Sales of Satellite Communications products consist of custom multi-layer
components, such as Butler matrices and beamforming networks for commercial and
military communication. Satellite Communications sales decreased 40.0% to $1.5
million for the three months ended September 30, 1997 from $2.5 million for the
three months ended September 30, 1996. The decrease was a result of the
completion of the initial product order for the Iridium program in the last
quarter of fiscal 1997, and a delay from the first to the second quarter of
approximately $900,000 in shipments of parts for satellite programs for Harris
and Hughes Space and Communications International, Inc. Sales of Defense
Electronic products consist of Digital Frequency Discriminators ("DFDs"),
Digital RF Memories ("DRFMs"), ESM receivers and Microwave Integrated Circut
components ("MICs").
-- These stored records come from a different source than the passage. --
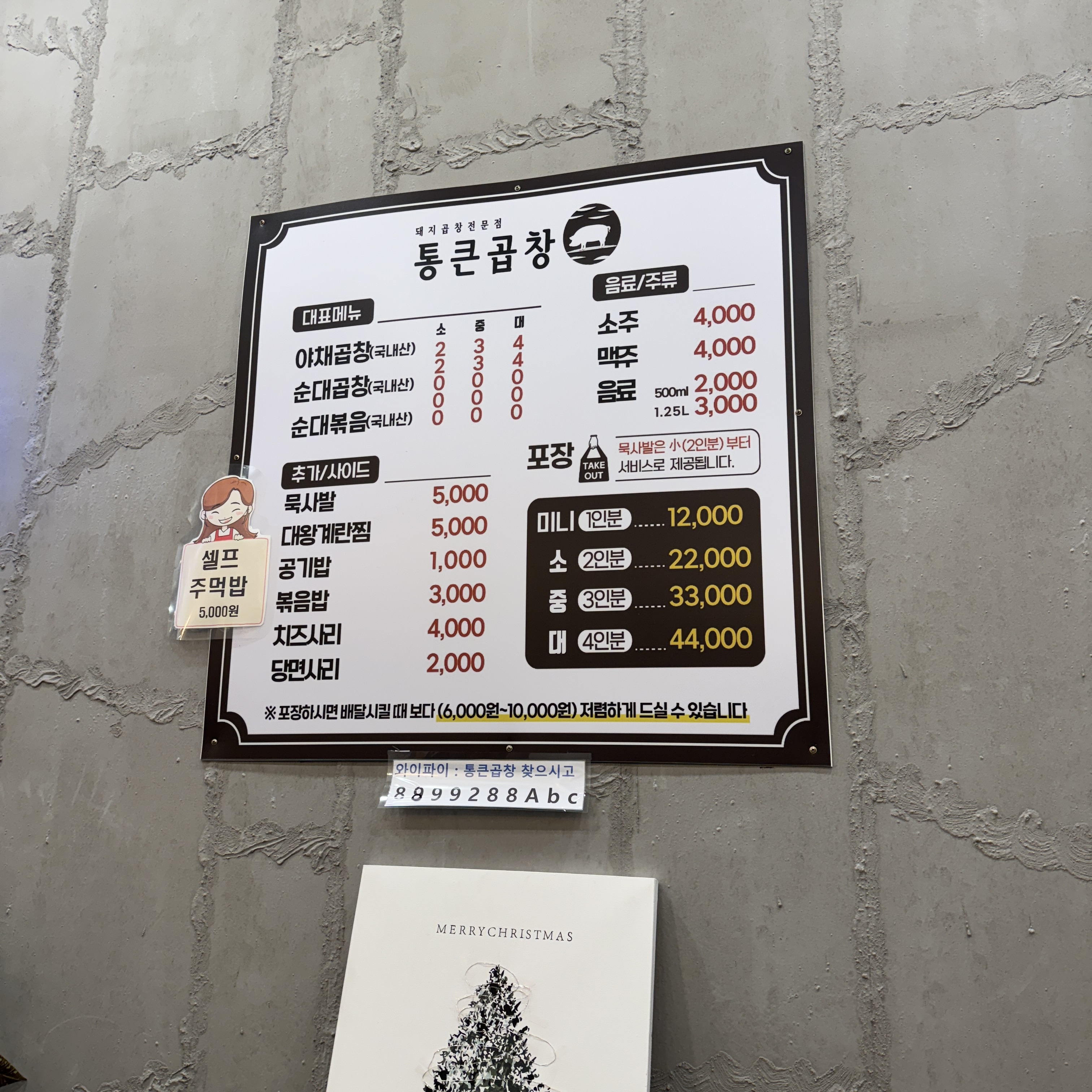 메뉴는 야채곱창, 순대곱창, 순대볶음이 있는데요.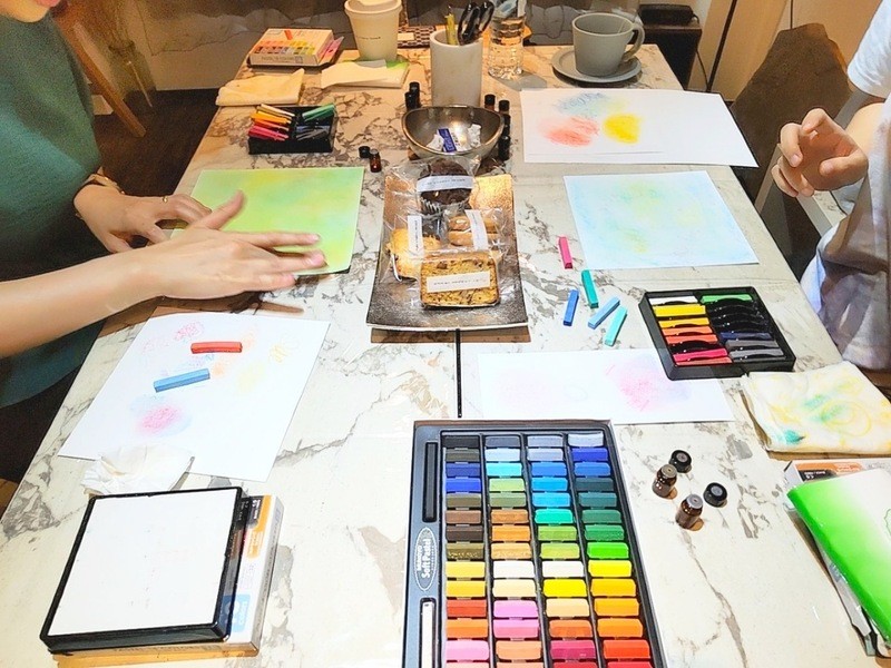 5種類のアロマから今日一番好きな香りを選び、そのイメージをソフトパステルで自由に表現するレッスンです。初心者さん大歓迎♪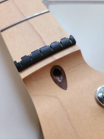 Earvana compensated nut, NOT glued in. I might have slightly messed up the sanding on the bottom of this nut, but I'll include it in the sale of this neck anyway.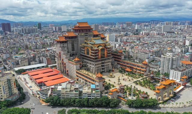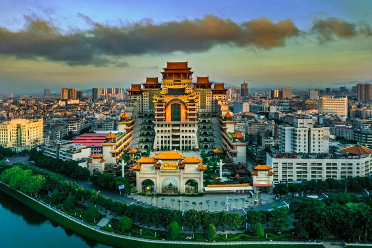 云天文化城又稱云天宮,位于玉林市江濱路,南流江畔。是一座以濃縮中國古今傳統(tǒng)文化和著名建筑風(fēng)格為一體的巨型仿古宮殿式建筑。占地面積為14萬平方米,主體建筑高21層共108米。云天文化城以石雕、木雕、鑄銅三大系列藝術(shù)性的呈現(xiàn)中華名族的歷史文化,以創(chuàng)新的手法為中國上下五千年的文化做傳承。點睛之作是六樓閣樓高30米,重達600噸用1千多片銅片組成的硫金鑄銅工藝品“皆大歡喜”。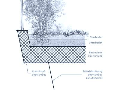 Das Kantonale Tiefbauamt Thurgau hat uns eingeladen, ein Angebot für die Ingenieurleistungen der Teilphase 32 (Bauprojekt) einzureichen. In diesem Zusammenhang entstand in interdisziplinärer Zusammenarbeit mit der ARX Gruppe AG ein Entwurf für eine Wildtierüberführung über die A1 bei Wängi. Ausgangspunkt bildete eine Analyse der topografischen und landschaftlichen Situation. Südlich der Nationalstrasse ermöglicht das ansteigende Waldgebiet «Fuchsbüül» eine nahezu nahtlose Anbindung an das bestehende Terrain. Nördlich der A1 liegt das Gelände infolge der ehemaligen Riedlandschaft deutlich tiefer, weshalb eine differenzierte landschaftliche Modellierung vorgesehen wurde. Der Entwurf sah eine zurückhaltende Stahlbetonkonstruktion mit schlanker Tragwerksausbildung vor. Abgeschrägte Bauteile und eine reduzierte Formensprache verleihen dem Bauwerk eine ruhige Erscheinung. Einheimische Niederhecken und standortgerechte Laubgehölze sollten die Waldgebiete «Fuchsbüül» und «Aadholz» verbinden und die ökologische Durchgängigkeit stärken.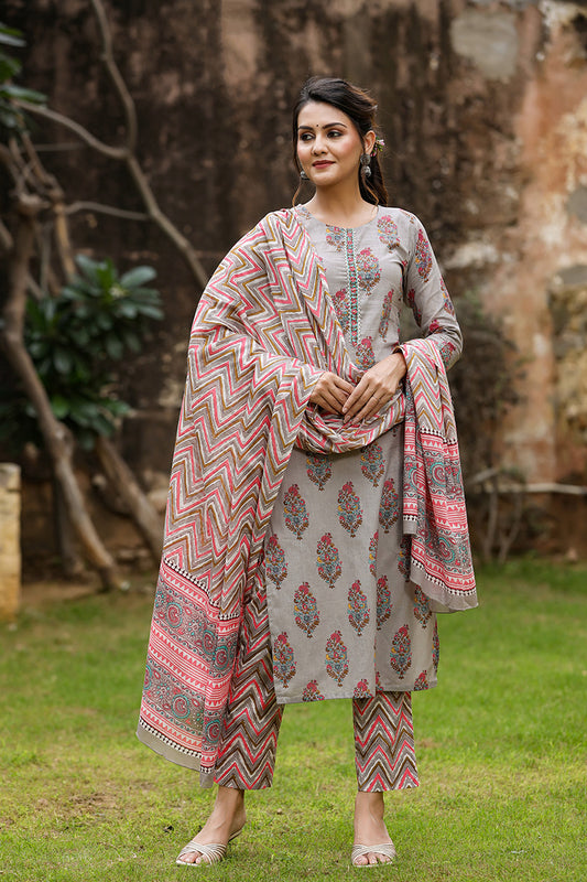 Grey Rayon Blend Straight Suit Set VKSKD1134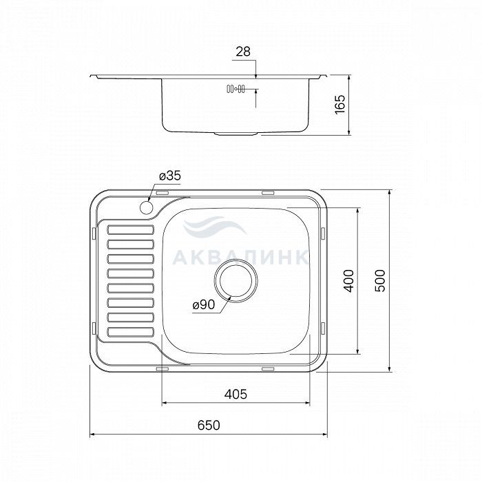 Мойка врезная 650х500 IDDIS Basic BAS65SRi77 чаша справа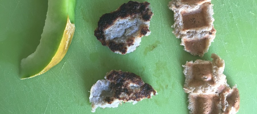 No mesmo dia em que fiz estes waffles para nós, tentei fazer uns para a baby M sem ovo… mas não correu muito bem… a massa ficou demasiado seca e colocou.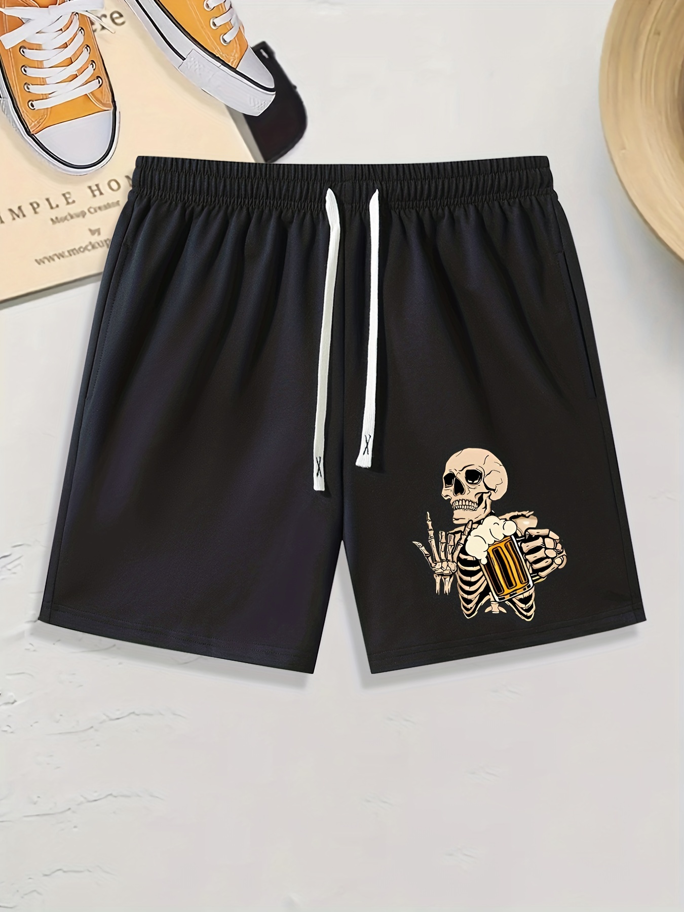 Skeleton With Beer Print, Men’s Comfy Shorts, Summer Drawstring Casual Loose Shorts, Men’s Summer Clothing, As Gifts For Daily Leisure Loungewear Outdoors Halloween

Defense Electronics sales increased 52.9% to $2.6 million
for the three months ended September 30, 1997 from $1.7 million for the three
months ended September 30, 1996. The increase was a result of increased
shipments of DFDs and DRFMs for foreign sales of the Airborne Self Protection
Jammer ("ASPJ") system.
Gross Profit. Cost of sales consists primarily of engineering design costs,
material, fabrication costs, assembly costs and test costs. Gross profit
increased 91.7% to $2.9 million for the three months ended September 30, 1997
from $1.5 million for the three months ended September 30, 1996. Gross margin
was 37.1% for the three months ended September 30, 1997 compared to 29.5% for
the three months ended September 30, 1996. The increase in gross margin was due
to economies of scale achieved due to higher volume in the Wireless group.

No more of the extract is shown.